Consider a system of two second-order linear ODEs for which I have found a solution:
$$ \pmatrix{y_1 \\ y_2} = (A_1\cos\omega t + B_1\sin\omega t )\pmatrix{a \\ b} + \pmatrix{C_1 \\ C_2} $$
the constant term being due to an eigenvalue of zero for the matrix $A$ in the equation:
$$ \ddot{\boldsymbol{y}} = -A\cdot \boldsymbol{y} $$
Say I am now given an initial condition of $\dot{\boldsymbol{y}} = (v, 0)^T$ at $t = 0$. Differentiating my solution, I find:
$$ \dot{\boldsymbol{y}} = \pmatrix{v \\ 0} = B_1\omega\pmatrix{a \\ b} $$
Clearly there is no constant $B_1$ which satisfies this condition.

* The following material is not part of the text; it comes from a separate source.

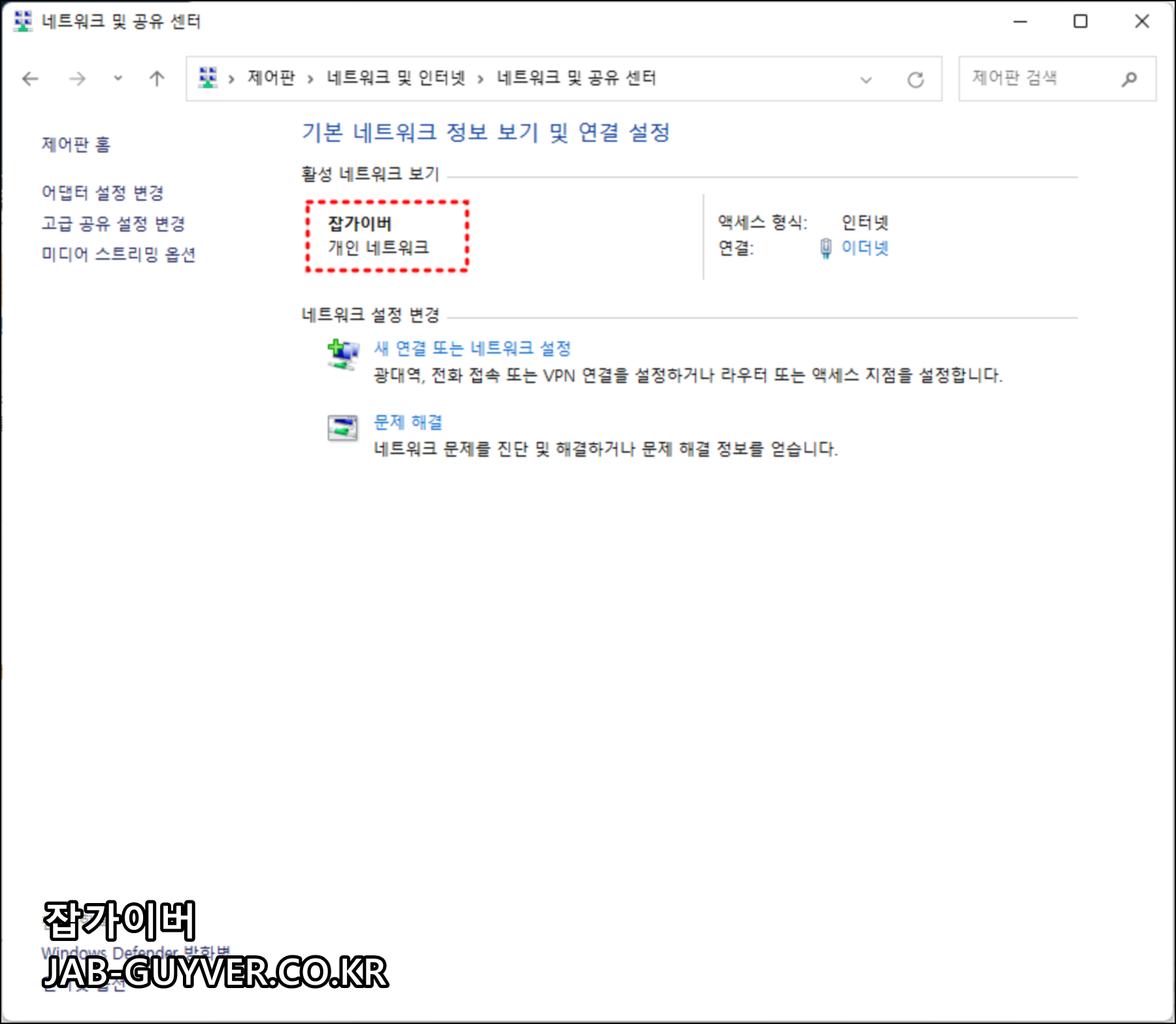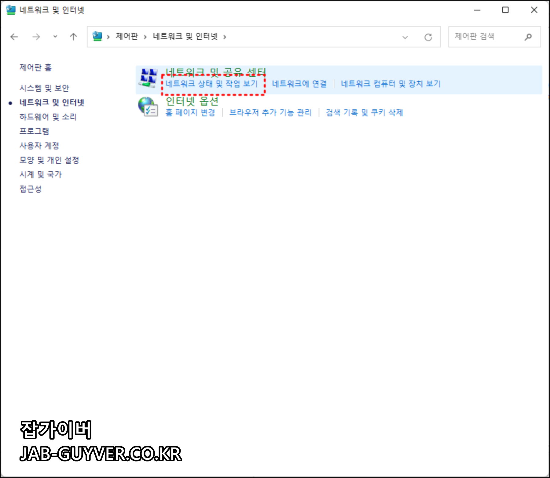 윈도우 제어판 -> 네트워크 및 인터넷 -> 네트워크 및 공유센터 -> 네트워크 상태 및 작업보기를 선택합니다.

How is it physically possible that my system cannot have an initial velocity? I'm really struggling to see what I might be doing wrong here, and can provide more context for how I arrived at my original equation if necessary. Sorry if this is confusing.
Original ODE:
$$ M\cdot\ddot{\boldsymbol{y}} = -\begin{bmatrix} k & -k \\ -k & k \end{bmatrix}\boldsymbol{y} $$
where $M = \mathrm{diag}(m_1, m_2)$, two known constants. $k$ is also known.
As $\left( \begin{array}{cc} k & -k \\ -k & k \\ \end{array} \right) = T^{-1}\Lambda T$ with $T = \left( \begin{array}{cc} -1 & 1 \\ 1 & 1 \\ \end{array} \right)$ and $\Lambda = \left( \begin{array}{cc} 2 k & 0 \\ 0 & 0 \\ \end{array} \right)$ we have
$$ m\ddot y + T^{-1}\Lambda Ty=0\ \ \Rightarrow mT\ddot y + \Lambda T y = 0 $$
so calling $z = T y$ we have the decoupled linear system
$$ m\ddot z + \Lambda z = 0 $$
with solution
$$ \cases{ z_1 = c_1\cos\left(\sqrt{\frac{2k}{m}}t\right)+ c_2\sin\left(\sqrt{\frac{2k}{m}}t\right)\\ z_2 = c_3+c_4 t } $$
so we have four independent constants to configure with the initial/boundary conditions. From $z$ to $y$ we proceed as $y = T^{-1}z$. Concluding, we are free to configure those initial/boundary conditions as needed.